Et depuis, avec la facilitation de circulation des ressortissants des pays de l’Association des nations d’Asie du Sud-Est (Asean) au sein de cette association, cet accord est devenu inutile. L’espoir est malgré tout permis puisqu’il existe des exemples réussis dans la région, par exemple le vol direct existant entre Siem Reap (la ville à côté de Angkor) et Luang Prabang, le lieu le plus touristique du Laos. Il fut même question d’adjoindre une liaison Luang Prabang-Bagan pour compléter le circuit, mais là encore les tentatives ont toujours échoué.

« Vingt fois sur le métier remettez votre ouvrage », écrivait Boileau, que les promoteurs du tourisme bouddhique intrarégional n’ont certainement pas lu mais qu’ils pratiquent à la manière de Monsieur Jourdain.
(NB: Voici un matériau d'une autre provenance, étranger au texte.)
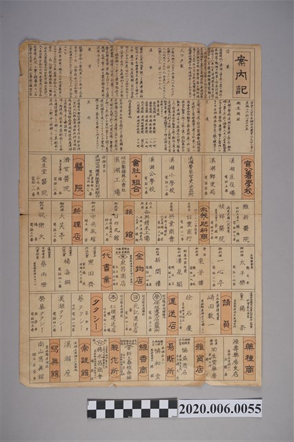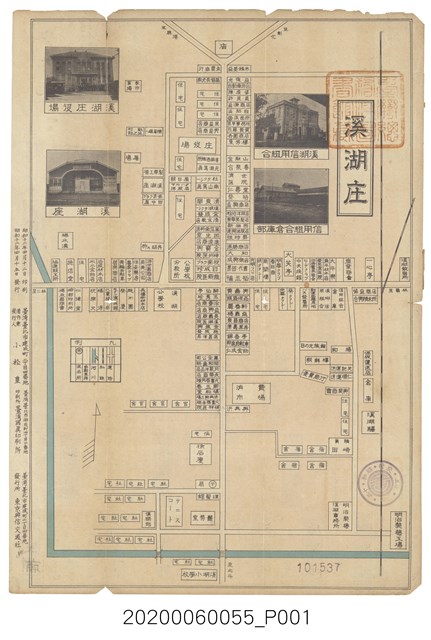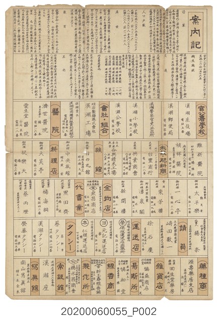 1.本物件為小松豊著作兼發行〈溪湖庄案內圖〉,方形紙張上畫有街道標示及店家名稱,地形方正規矩,上方並有4張黑白照片分別是「溪湖庄役場」、「溪湖座」、「溪湖信用組合」、「信用組合倉庫部」,圖中並載明許多重要地點,如溪湖公學校、明治製糖工場等,地圖最左邊並寫有著作者發行人小松豊與印刷所折井製版,還有發行所為東京興信交通社,整個物件保存尚可,僅有些許泛黃模糊。2.溪湖鎮位於臺灣彰化縣的地理中心,大正9年實施街庄制度,以二林上堡之頂寮、大突、溪湖、汴頭、田中央、西勢厝為主,合併馬芝堡的三塊厝、四塊厝,武西堡之崙子腳、阿媽厝,圈劃成立「溪湖庄」,轄屬臺中州員林郡,昭和13年升格為溪湖街,職業細圖主要目的在登錄當時之店家,並盡可能的將店名完整收錄於圖面上,因此僅能提供商家相關位置資訊而非絕對之地理空間位址,明細圖上之街道尺寸、角度、位置並非真實都市空間,經過調整後呈現出城市原始樣貌。

Les efforts persistent donc. Un accord de coopération touristique a été signé entre la Birmanie et le Népal lors de la visite officielle de la présidente du Népal Bidya Devi Bhandari en octobre 2019 et le Népal va ouvrir ou faciliter l’accès à plusieurs destinations dans le cadre de son initiative « Visit Nepal in 2020 ». C’est ainsi que Lumbini va bientôt ouvrir un aéroport international, bien sûr nommé « Siddhârta Gautama ».

L’aéroport de Bagan mis aux normes internationales

De son côté, le gouvernement birman s’active également. L’aéroport de Nyaung-U est en cours de transformation afin d’être mis aux normes internationales, avec une rénovation et amélioration de la piste, des circulations (entrées/sorties) plus fonctionnelles, des postes de douanes dotés de système des rayons X performants, des guérites équipées pour le contrôle des passeports, des toilettes correctes…

Outre Lumbini, les yeux des Birmans se tournent vers Siem Reap/Angkor, qui reste la cible principale car si chaque année Bagan accueille de l’ordre de 300 000 visiteurs par an, ce sont dix fois plus de touristes – autour de 3 millions – qui visite les temples khmers ! En attirer quelques-uns à Bagan est donc une priorité des dirigeants du tourisme en Birmanie. Se mettre d’accord sur l’organisation des vols et l’identité de/des opérateurs constitue l’étape à venir.